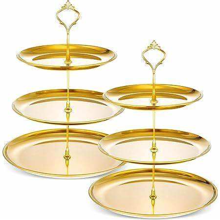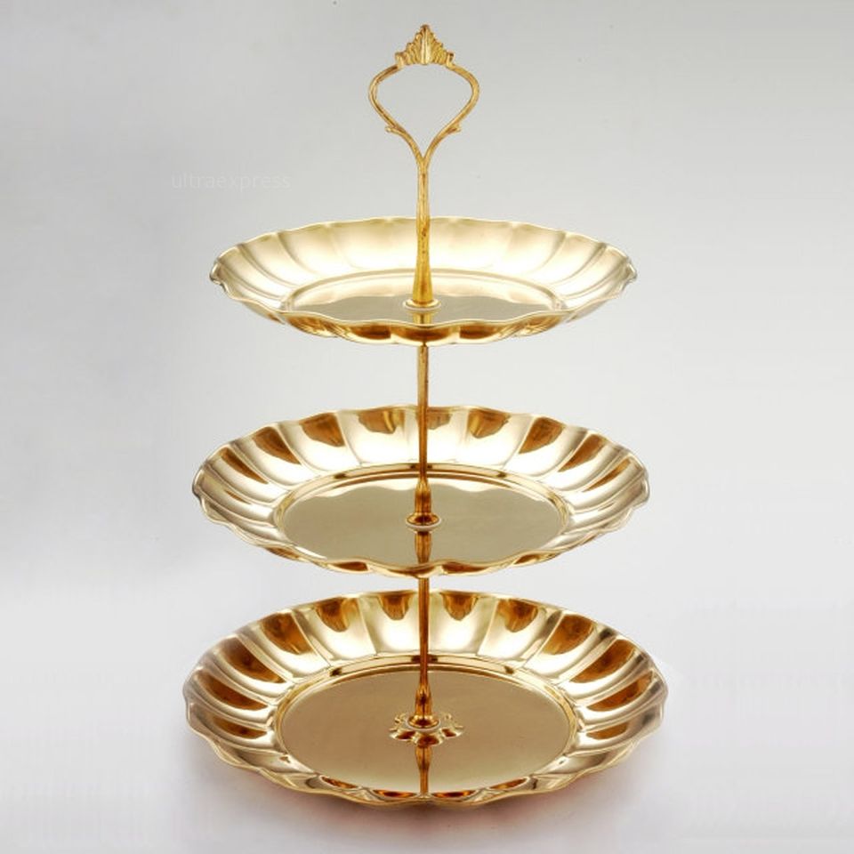 High Quality 3-Tier Gold Wedding Cake Stand Latest Design Round Metal Brass Plate with Rotate Border for Dessert and Cakes
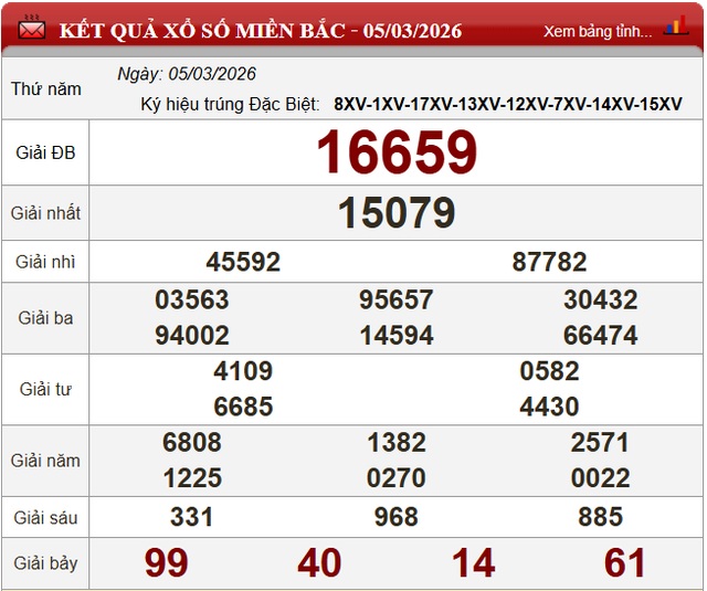 Kết quả Xổ số miền Bắc ngày 5/3/2026
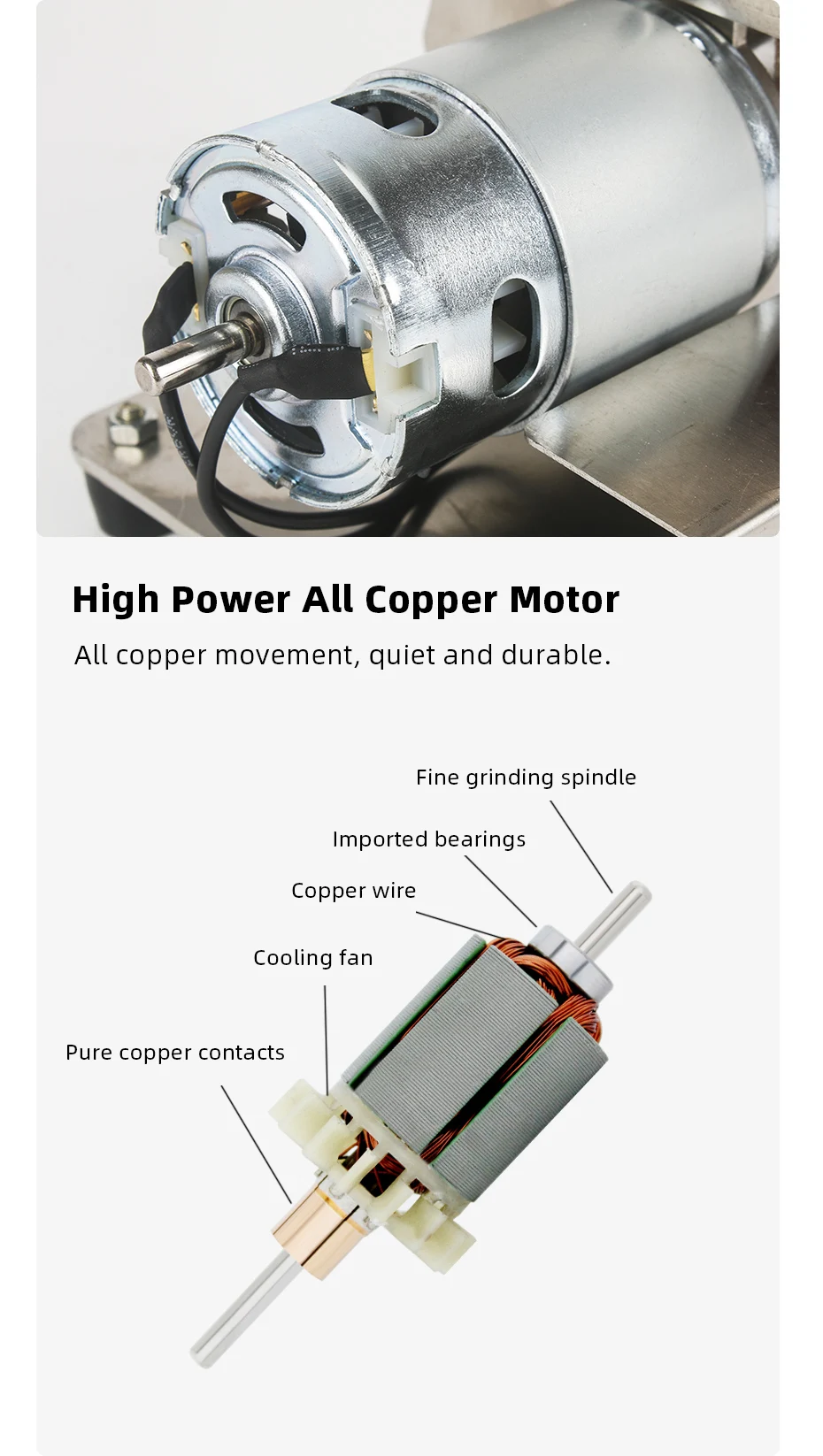 Спецификация:-Материал: металл-Номер двигателя: 775/795/895-Входное напряжение: 110-240 В-Скорость холостого хода: 4000-9000 об/мин (7-ступенчатая регулировка)-Температура холостого хода: 26 °C-45 °C-Шум: 75-85 дБ-Размер ремня: 3x33,3 см/1,2x20,9''-Размер машины: прибл. 11x10x10 см/4,3x3,9x7,5''
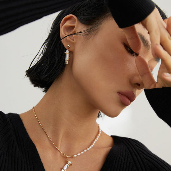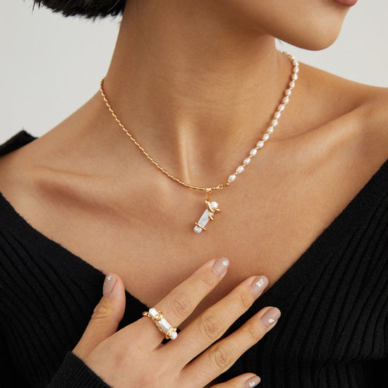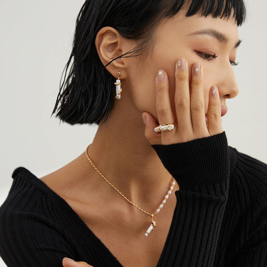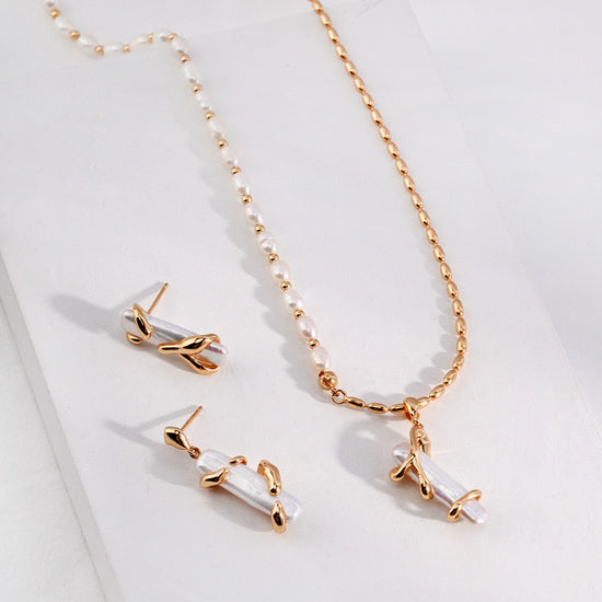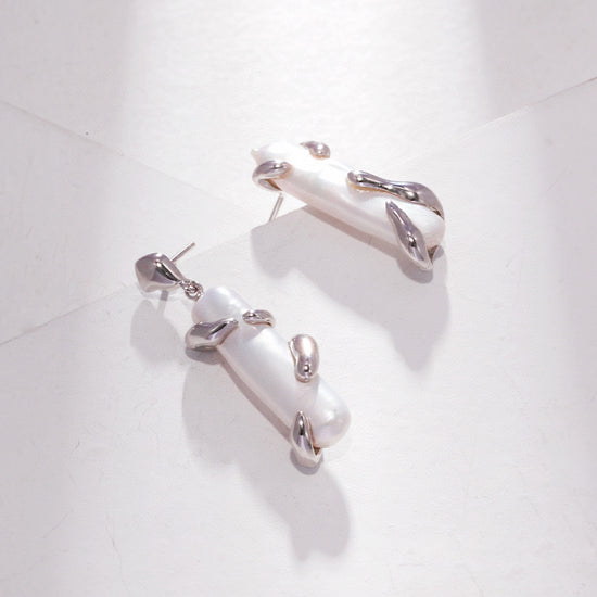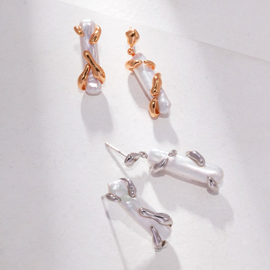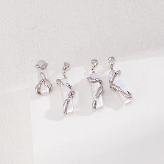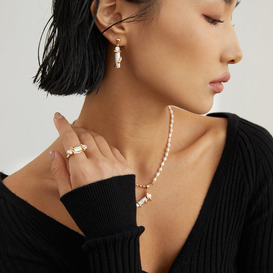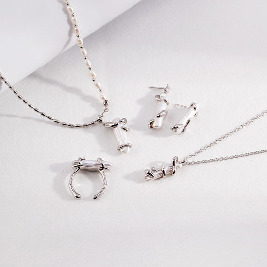 Fluid Silver Design Natural Baroque Pearl Necklace, Earrings & Ring
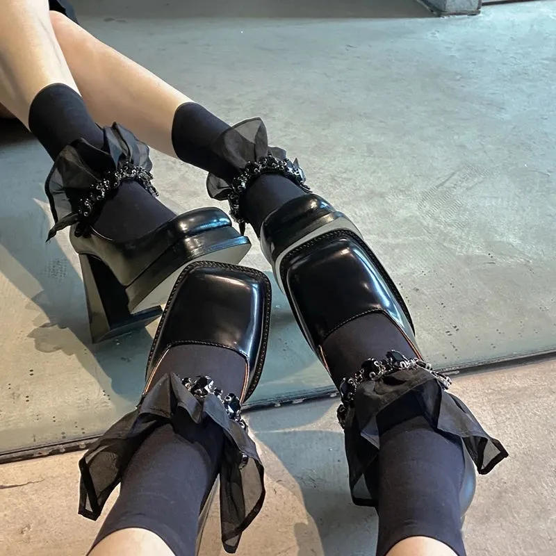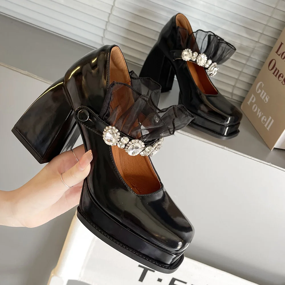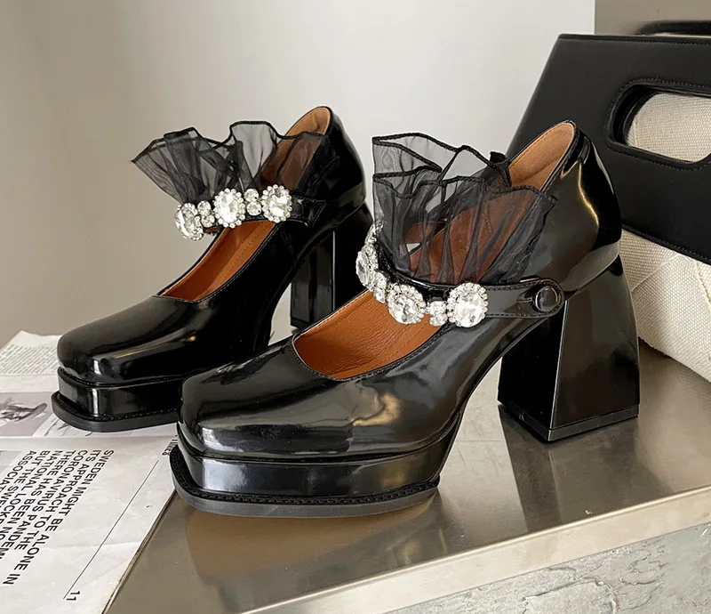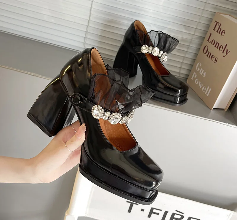 Женские брендовые офисные туфли-лодочки INS с квадратным носком и пряжкой на ремешках на платформе и блочном каблуке, элегантные готические женские туфли на лето 2022, вечерняя Обувь
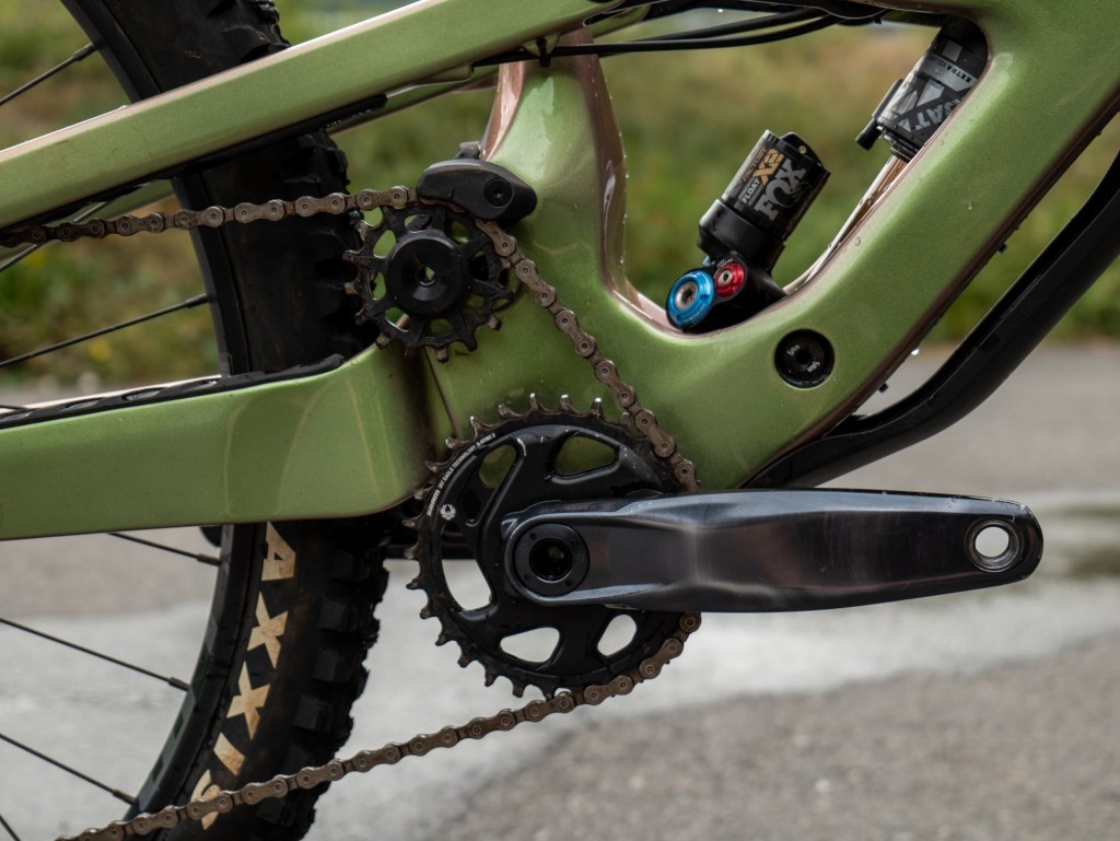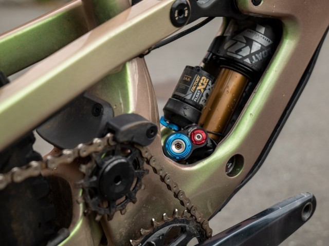 By going with a 4 bar linkage Cannondale departs from the Jekyll’s past, which used to have a single pivot design. The axle path is moving rearward initially, before moving forward again. This enables the rear wheel to move out of the way of any obstacle, keeping momentum when the trail gets rough. Choosing a high pivot design combined with an idler wheel on the frame, they eliminated the pedal forces in the beginning of the shock stroke, creating an ultimately smooth feeling over small bumps while eliminating pedal kickback. To keep the chain where it’s meant to be, they included a small chain guide on the pulley which is made from steel to ensure a long lifespan. They even made a great animation to explain how it all works, check it out.
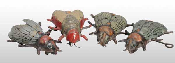 Description German. Working. Includes one hand-painted and three lithographed toys. Moderate overall paint loss and wear. Condition (Very Good). Size All: 4 - 1/2" L.
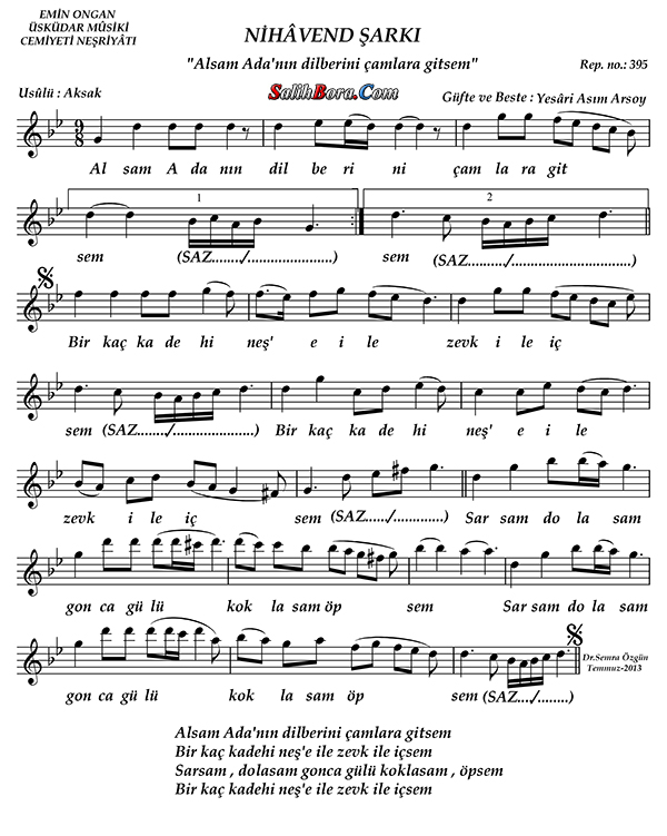 Alsam adanın dilberini çamlara gitsem notası - 1
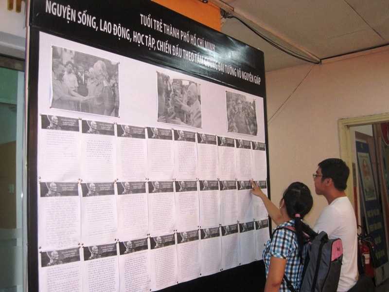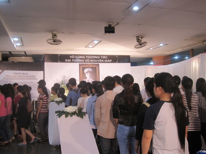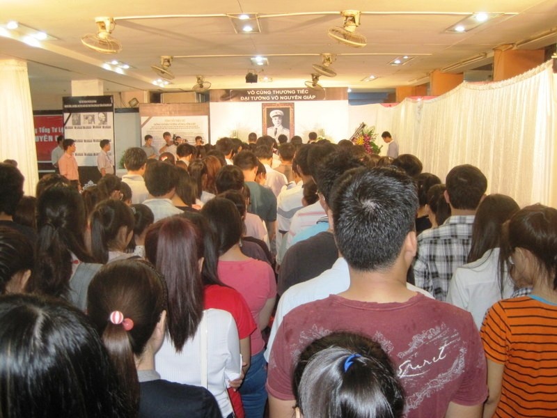 Từ 12h trưa 11/10, hàng ngàn bạn trẻ, đoàn viên thanh niên cùng người dân TP.HCM đã đội mưa đến Nhà văn hóa Thanh Niên để ghi lại những cảm xúc, suy nghĩ, bày tỏ lòng thành kính đối với Đại tướng.
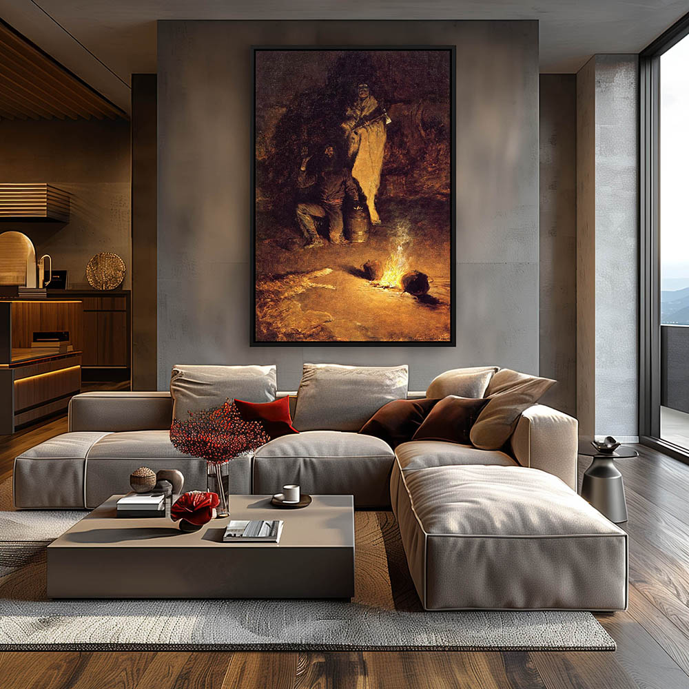 Whiskey trader and his large Indian lit by campfire with heavy shadows on a rocky cave wall
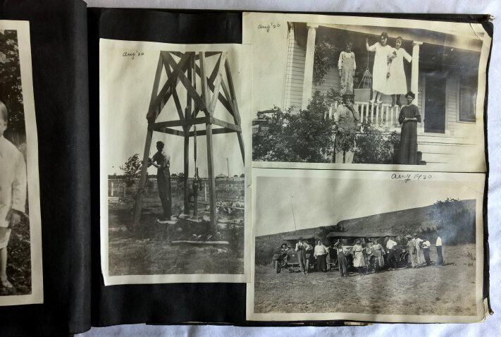 George Elder photo album, 1918-1923. Black cover with black pages. "Photographs" embossed in gold on the front cover. Inside front cover is written in pencil: "To George From Mamie 12-25-1918". Photographs are glued to all but the last page. They range in date from September 26, 1918 to July 4, 1923.
★ ★ ★ ★
PROBLEM TO WORK ON
Please give again, word for word, the lines from the one containing "Whiskey trader and" through the last line of the listing above, inclusive, and leave out pictures.

TASK RESULT
 Whiskey trader and his large Indian lit by campfire with heavy shadows on a rocky cave wall
 George Elder photo album, 1918-1923. Black cover with black pages. "Photographs" embossed in gold on the front cover. Inside front cover is written in pencil: "To George From Mamie 12-25-1918". Photographs are glued to all but the last page. They range in date from September 26, 1918 to July 4, 1923.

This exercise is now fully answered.